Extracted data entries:
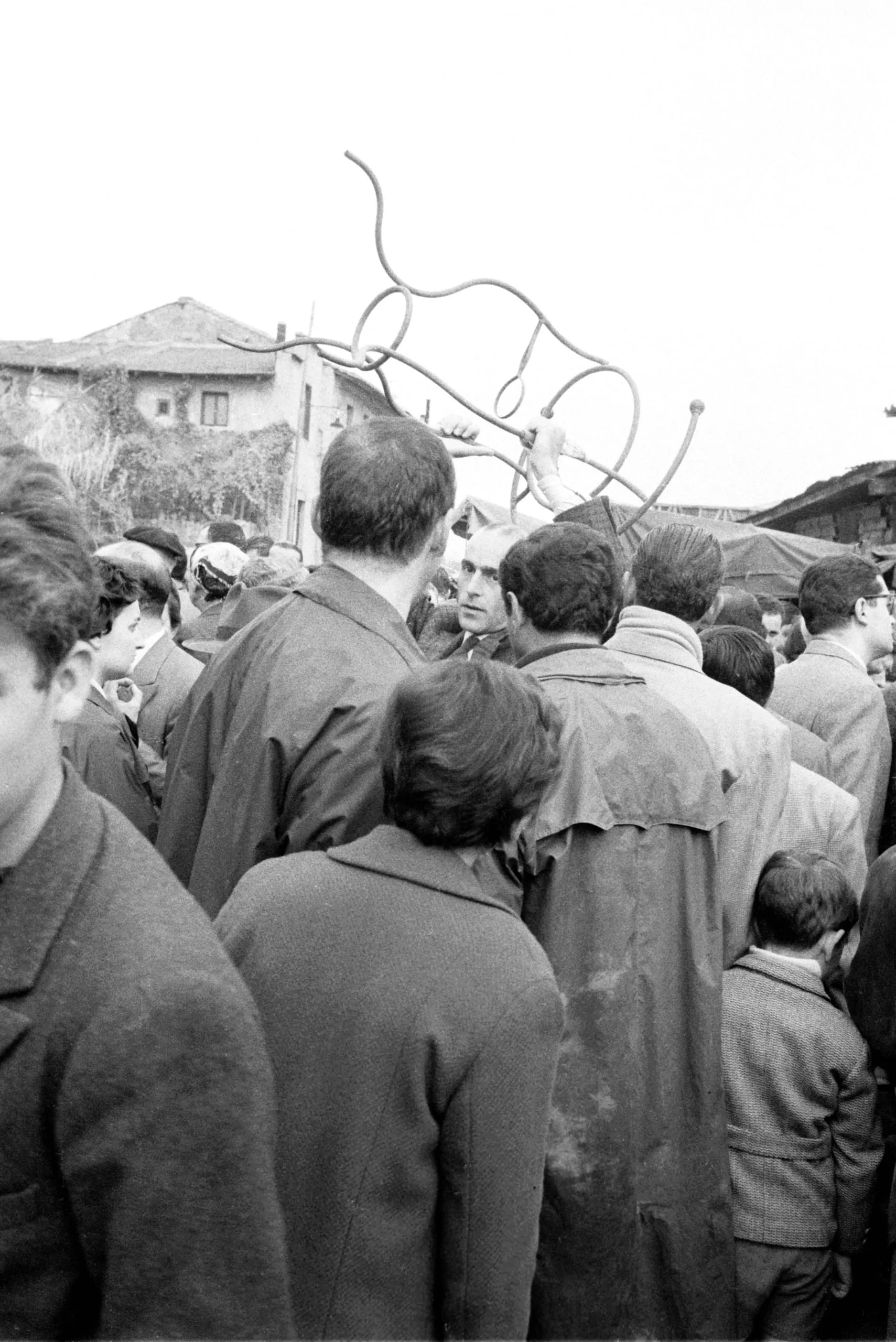 Black and white photograph of a dense outdoor crowd in heavy coats, with a tangle of curved metal rods rising above the crowd against an overcast sky
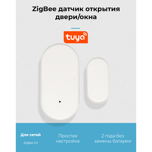 Датчик открытия Tuya Door Magnetic Sensor, ZigBee 3.0, питание CR2032, белый
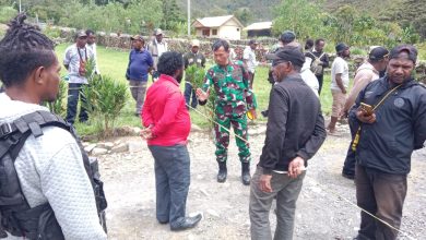 Keerom – Kembali Satgas Yonif 143/TWEJ berkeliling menyambangi warga di pedalaman Papua untuk memberikan bantuan berupa baju dan bibit tanaman untuk warga Dusun Tiarse, Kampung Molof, Distrik Senggi, Kab. Keerom, Papua, Rabu (19/7/2023).
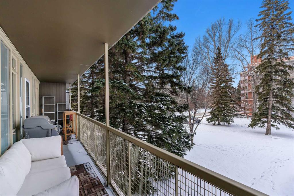 Don’t miss this stylish, move-in-ready 1-bedroom condo in beautiful Rideau Towers. Rutland House is set in a quiet, park-like setting just a short walk to the river and pathways, 4th Street, the downtown core, and the Stampede Grounds. This bright unit features an open floor plan with huge windows and a spacious living area open to the kitchen, complete with granite countertops, stainless steel appliances, a large island with seating, and tons of storage. The bedroom offers a walk-in closet and in-suite laundry, while the updated bathroom includes a deep soaker tub and modern vessel sink. Enjoy summer evenings on the massive 31-foot balcony that spans the length of the unit and overlooks the private, beautifully manicured grounds. Additional highlights include a storage locker, laundry facilities, ample street and visitor parking, and an outdoor pool. This quiet, pet-friendly building is truly special and in an ideal location. Whether you’re entering the market or looking to downsize, this is your opportunity to enjoy urban living at its best.
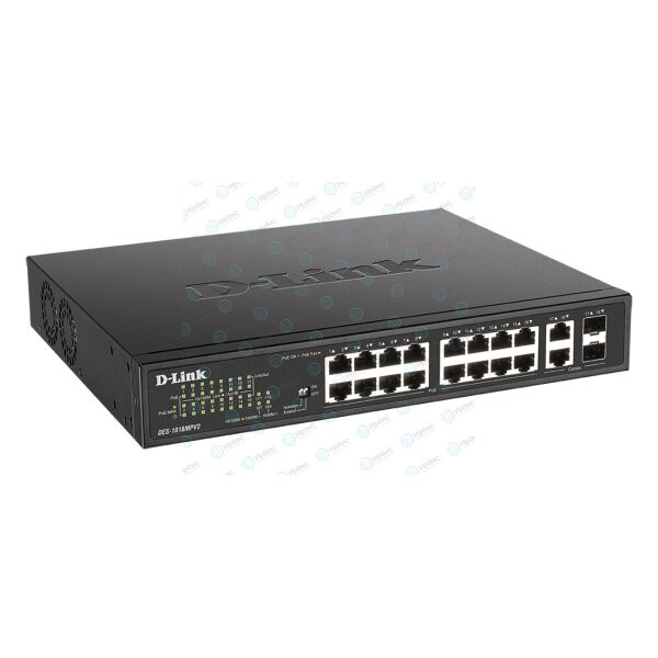16 портов 10/100Base-TX с поддержкой PoE, 2 комбо-порта 100/1000Base-T/SFP

Work order: Repeat exactly and only the lines from the start of the data above through the line that holds "Датчик открытия Tuya", inclusive. Pictures do not belong in the copy.

Your response:
 Black and white photograph of a dense outdoor crowd in heavy coats, with a tangle of curved metal rods rising above the crowd against an overcast sky
 Датчик открытия Tuya Door Magnetic Sensor, ZigBee 3.0, питание CR2032, белый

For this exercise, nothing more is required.